((

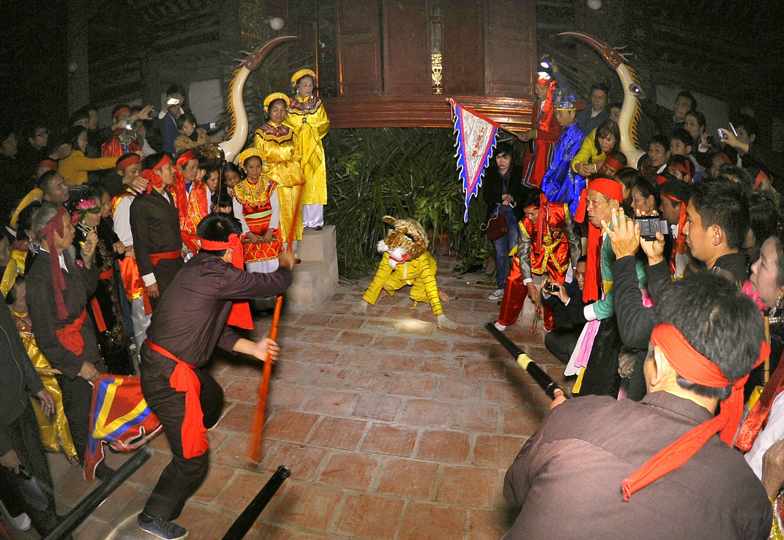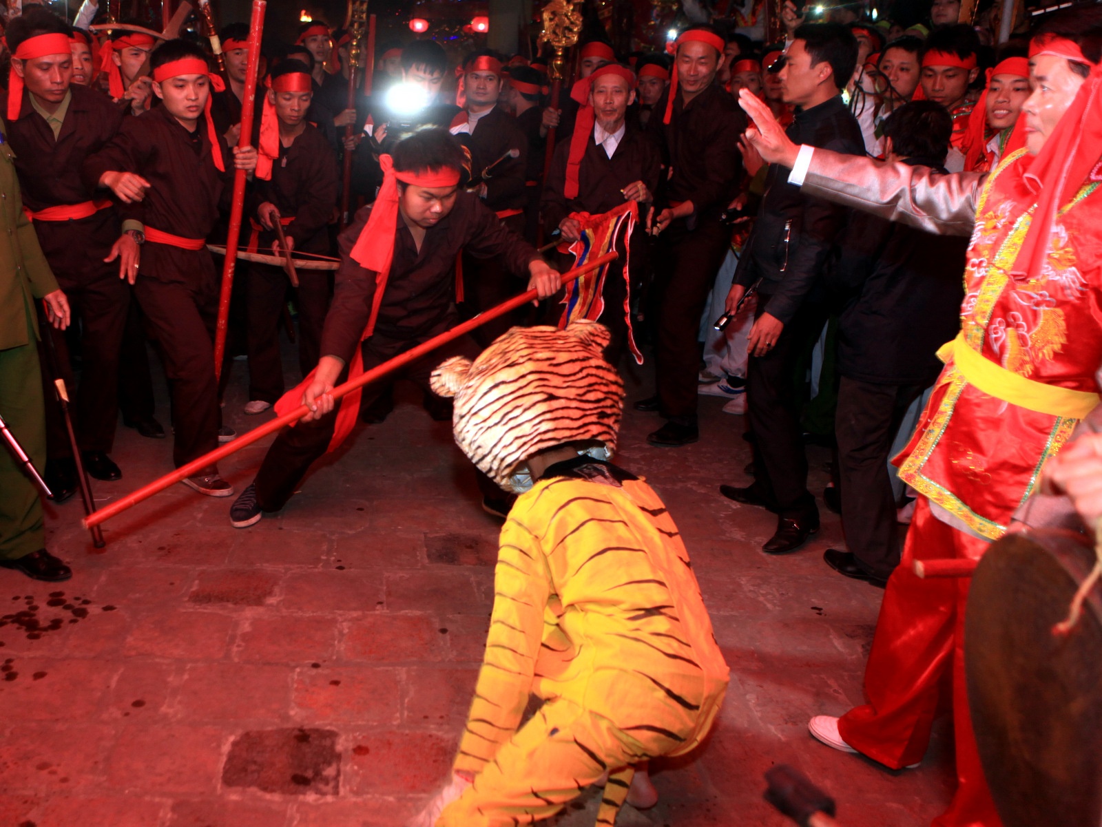 Nổi bật nhất lễ hội là màn đánh hổ. Đoàn thợ săn cùng cung tên, giáo mác và trống chiêng đi bắt tại một cánh rừng giả định giữa sân đình.
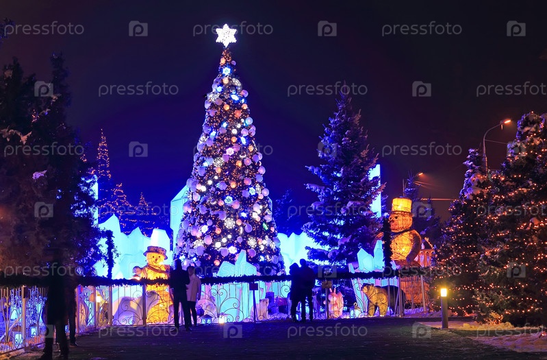 Ночная новогодняя елка на открытой площадке
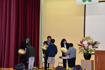 本年度の定期異動に伴いまして、有水小をたくさんの先生方が去られるということで、卒業生も在校生も、とても寂しそうでした。5年生が別れの挨拶をした後、代表児童が花束を贈呈しました。
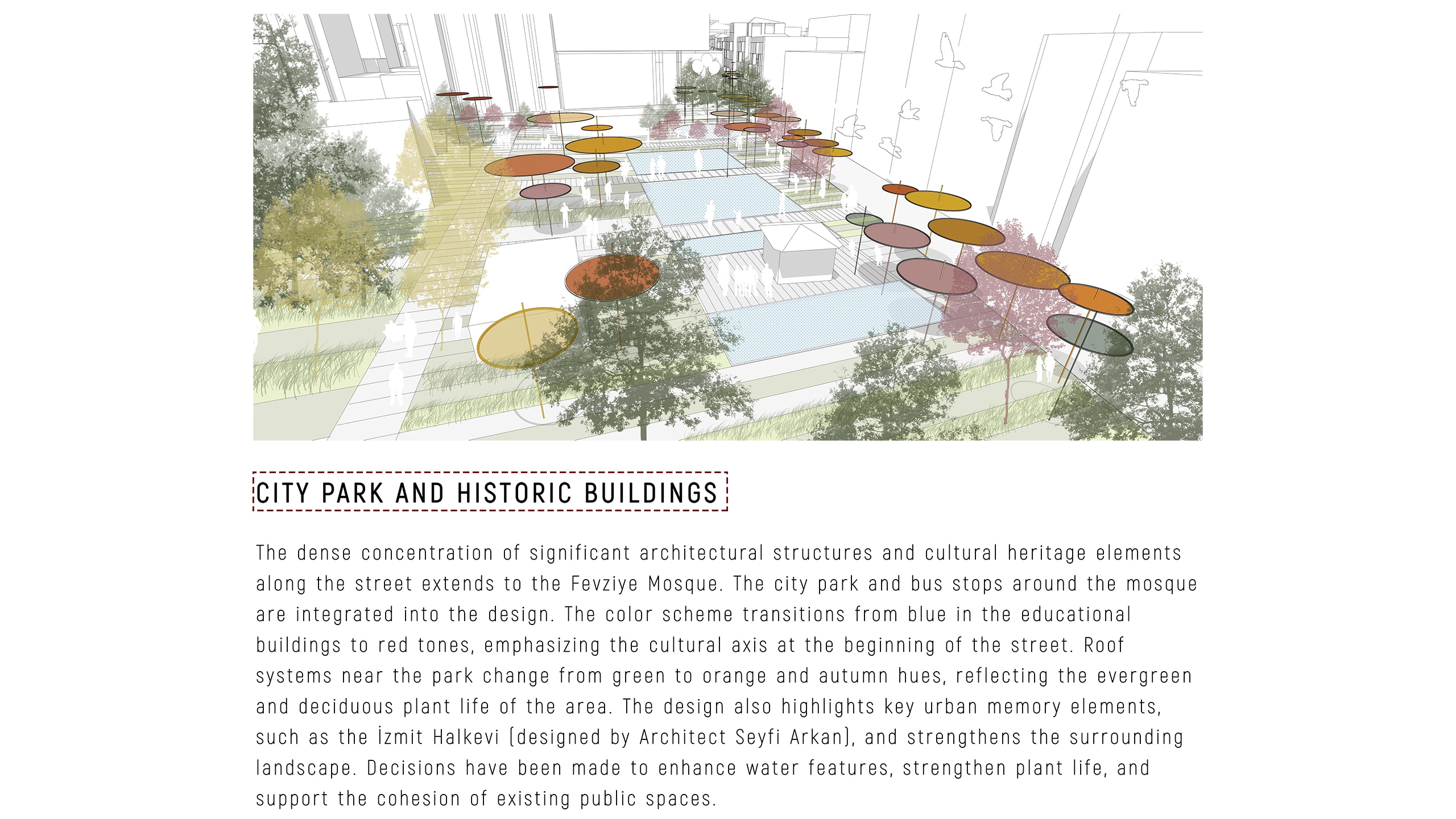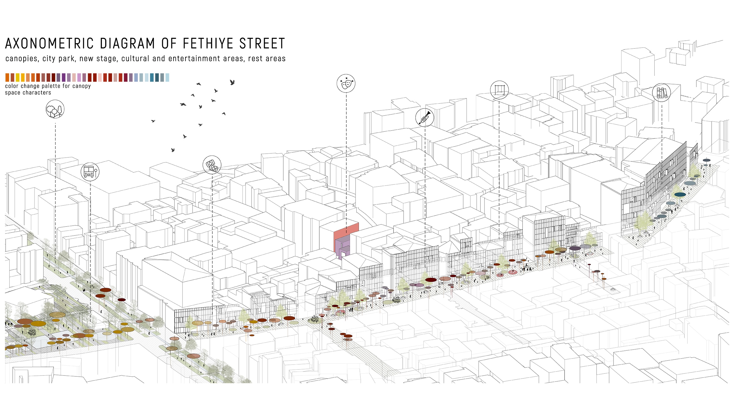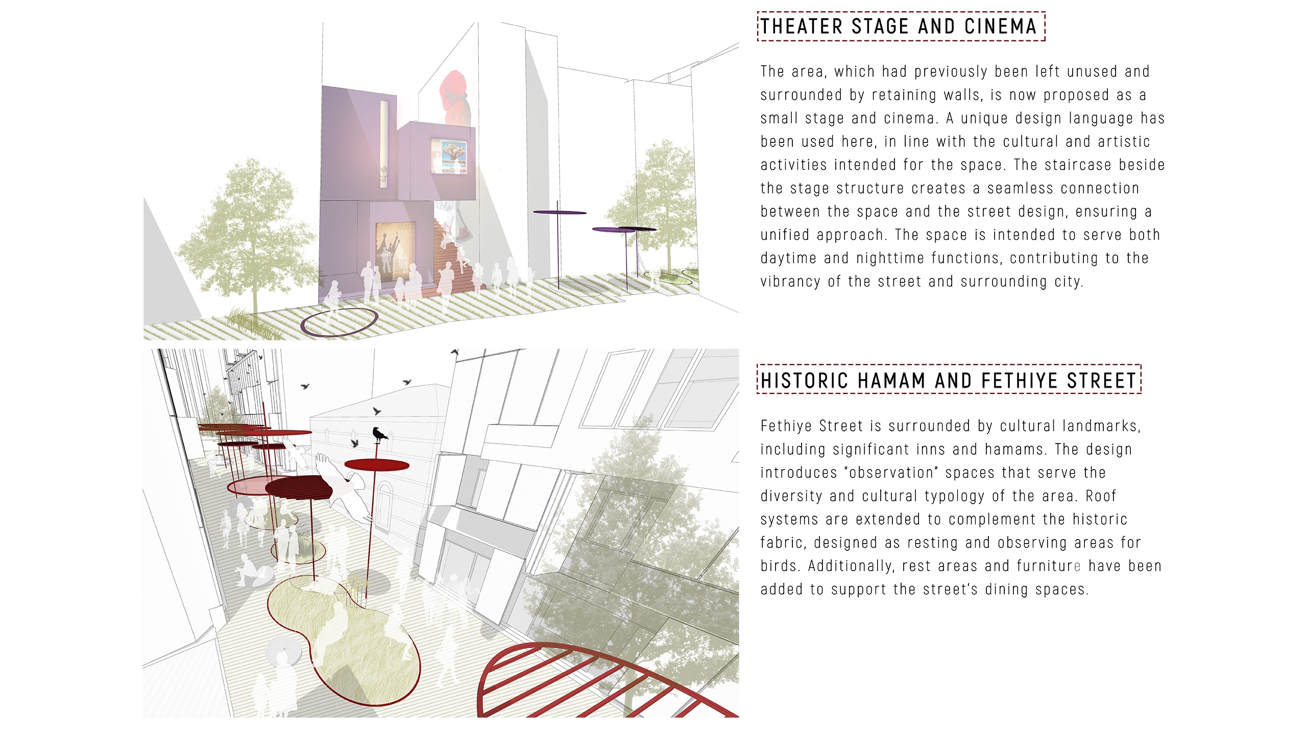 The project approaches Fethiye Street as a dynamic movement axis within the metropolitan fabric: a place where residents meet, pause, observe, and engage with culture. The main design intent is to enrich the street’s transitional nature with focal points for social, cultural, artistic, and recreational activities, while enhancing its architectural and landscape quality.

))

**Task instructions:**
Please give again, word for word, the lines from the one containing "Ночная новогодняя елка на открытой площадке" through the last line of the listing above, inclusive, and leave out pictures.

**Final answer:**
 Ночная новогодняя елка на открытой площадке
 本年度の定期異動に伴いまして、有水小をたくさんの先生方が去られるということで、卒業生も在校生も、とても寂しそうでした。5年生が別れの挨拶をした後、代表児童が花束を贈呈しました。
 The project approaches Fethiye Street as a dynamic movement axis within the metropolitan fabric: a place where residents meet, pause, observe, and engage with culture. The main design intent is to enrich the street’s transitional nature with focal points for social, cultural, artistic, and recreational activities, while enhancing its architectural and landscape quality.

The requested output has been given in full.